Ned rushes back to Trevor's house and encourages him to come to his daughter's wedding, despite his dishevelled state. Running late to the wedding, the two take the speedboat (the same one Daffy escaped on many years earlier) to the Tiwi Islands. Lauren and Ned reunite and are happily married in front of their family and friends; Ned tells Lauren that he intends to make a career change and become a chef. Trevor and Daffy reconcile and affirm their love for one another.

==Cast==
- Miranda Tapsell as Lauren
- Gwilym Lee as Ned
- Kerry Fox as Ms. Hampton
- Shari Sebbens as Ronelle
- Ursula Yovich as Daphne 'Daffy'Ford
  - Brooklyn Doomadgee as Young Daffy
- Huw Higginson as Trevor Ford
  - Travis Jeffery as young Trevor Ford
- Rob Collins as Father Isaac
- Matt Crook as Robbie
- Taylor Wiese as Alex
- Tracy Mann as Annie
- Elaine Crombie as Dana
- Tierney White as Receptionist

==Production==
The soundtrack features the Yothu Yindi song "Treaty", several traditional Tiwi Islands songs, "Down Under" by Colin Hay; and the songs "Shade Away" and "Don't You Worry", written by Zaachariaha Fielding and Michael Ross, and performed by them as the musical duo Electric Fields.

==Reception==
Top End Wedding was met with critical acclaim, earning approval rating on Rotten Tomatoes, based on reviews with an average rating of . The website's critics consensus reads: "Familiar in form but winsome in its execution, Top End Wedding takes audiences on a romantic road trip with an appealing view."

===Accolades===

| Award | Category | Recipient(s) | Result | Ref |
| AACTA Awards (9th) | Best Film | Rosemary Blight, Kate Croser, Kylie Du Fresne | Nominated |  |
| Best Actress | Miranda Tapsell | Nominated |
| Best Supporting Actress | Ursula Yovich | Nominated |

==Sequel series==

In April 2024, an eight-part sequel series was announced, titled Top End Bub, with Tapsell and Lee returning as series leads. The series is created, executive produced, and written by Joshua Tyler and Tapsell and produced by Goalpost Pictures. It was filmed in The Northern Territory and Adelaide and is directed by Christiaan Van Vuuren and Shari Sebbens.

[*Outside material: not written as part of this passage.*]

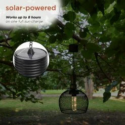 - 24 LED lights encased in this classic lantern are powered by solar energy to keep your outdoor yard dΓ©cor lit for up to 8 hours on one full charge
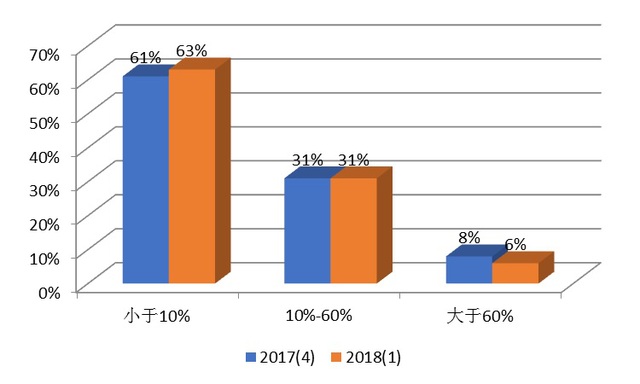图9 2017年4季度与2018年1季度个人投资者对未来三个月大盘下跌30%的可能性的看法图

Other returning cast members include Ursula Yovich, Huw Higginson, Elaine Crombie, and Tracy Mann. Joining them are Rob Collins, Brooke Satchwell, Guy Simon, Clarence Ryan, and, making her acting debut as Taya ("Bub"), is Gladys-May Kelly.

The series will premiere on Prime Video in Australia and New Zealand on 12 September 2025, and will be distributed internationally by ZDF Studios.